Crawling sites that you don't own nor have the right to crawl could create reachability issues.
Some sites use infrastructure components such as CDN/Caching providers (for example, Akamai, Cloudflare, and Varnish) that can affect Coveo's ability to retrieve content.
If you're unfamiliar with these mechanisms, learn about them before you configure your source.
For example, a CDN/Caching provider can detect the Coveo crawler and block it from further crawling.
* Always try authenticating without a [custom login sequence](https://docs.coveo.com/en/3289/) first.
You should only start working on a custom login sequence when you're sure your form authentication details (that is, login address, user credentials, confirmation method) are accurate and that the standard form authentication process doesn't work.
* It's best to create or edit your source in your sandbox organization first.
Once you have confirmed that it indexes the desired content, you can copy your source configuration to your production organization, either [with a snapshot](https://docs.coveo.com/en/3239/) or manually.
See [About non-production organizations](https://docs.coveo.com/en/2959/) for more information and best practices regarding sandbox organizations.
* Though it's possible to index multiple domains by configuring the source outside the main user interface, doing so is a bad practice.
Always create one source per domain.
This helps:
** Prevent the crawler from using your source authentication credentials on an external site.
** Reduce the number and complexity of crawling and scraping rules.
** Optimize source configurations for each site.
** Avoid having a rebuild/rescan issue on one site cause the deletion of indexed items associated with the other sites.
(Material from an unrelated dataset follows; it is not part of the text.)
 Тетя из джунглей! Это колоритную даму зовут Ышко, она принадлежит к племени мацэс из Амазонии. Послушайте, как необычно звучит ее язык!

* The number of [items](https://docs.coveo.com/en/210/) that a source processes per hour (crawling speed) depends on various factors, such as network bandwidth and source configuration.
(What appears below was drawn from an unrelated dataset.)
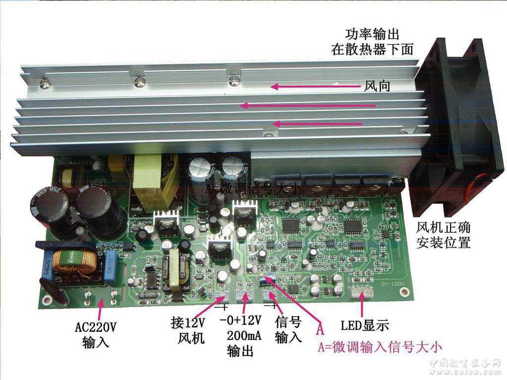 輸入、輸出接口: 工作狀態(tài)LED顯示接口 用于顯示工作、信號(hào)、自動(dòng)保護(hù)狀態(tài)指示。 12V200mA風(fēng)機(jī)電源輸出 用于外接散熱風(fēng)機(jī) + - 12V 200mA輸出 用于您或許需要配套的前級(jí)板電源. 智能風(fēng)機(jī)控制: 當(dāng)散熱器溫度上升到50度時(shí),風(fēng)機(jī)開始工作。低于50度時(shí),風(fēng)機(jī)停止工作。

See [About crawling speed](https://docs.coveo.com/en/2078/) for information on what can impact crawling speed, as well as possible solutions.
* Break down large sitemap files into multiple sitemap files.
* Group your source and the other implementation [resources](https://docs.coveo.com/en/2820/) together in a [project](https://docs.coveo.com/en/n7ed6189/).
See [Manage projects](https://docs.coveo.com/en/n7ef0517/).
## Add a Sitemap source
To add a source
. On the [**Sources**](https://platform.cloud.coveo.com/admin/#/orgid/content/sources/) ([platform-ca](https://platform-ca.cloud.coveo.com/admin/#/orgid/content/sources/) | [platform-eu](https://platform-eu.cloud.coveo.com/admin/#/orgid/content/sources/) | [platform-au](https://platform-au.cloud.coveo.com/admin/#/orgid/content/sources/)) page, click **Add source**.
. In the **Add a source of content** panel, click the **Cloud** (icon:cloud-icon[alt=cloud-icon,width=16]) or [**Crawling Module**](https://docs.coveo.com/en/3260/) ([crawlingmodule]) tile, depending on your [content retrieval context](https://docs.coveo.com/en/1612/).
With the latter, you must [install the Crawling Module](https://docs.coveo.com/en/3263/) to make your source operational.

. [[addstep3]]In the **Add a new Sitemap source** / **Add a new Crawling Module Sitemap source** panel, fill in the following fields.
--
**Name**: Use a short and descriptive name, using only letters, numbers, hyphens (-), and underscores (_).
The source name can't be modified once it's saved.
**Sitemap URLs**: Enter the direct URL of your sitemap file, not the website address.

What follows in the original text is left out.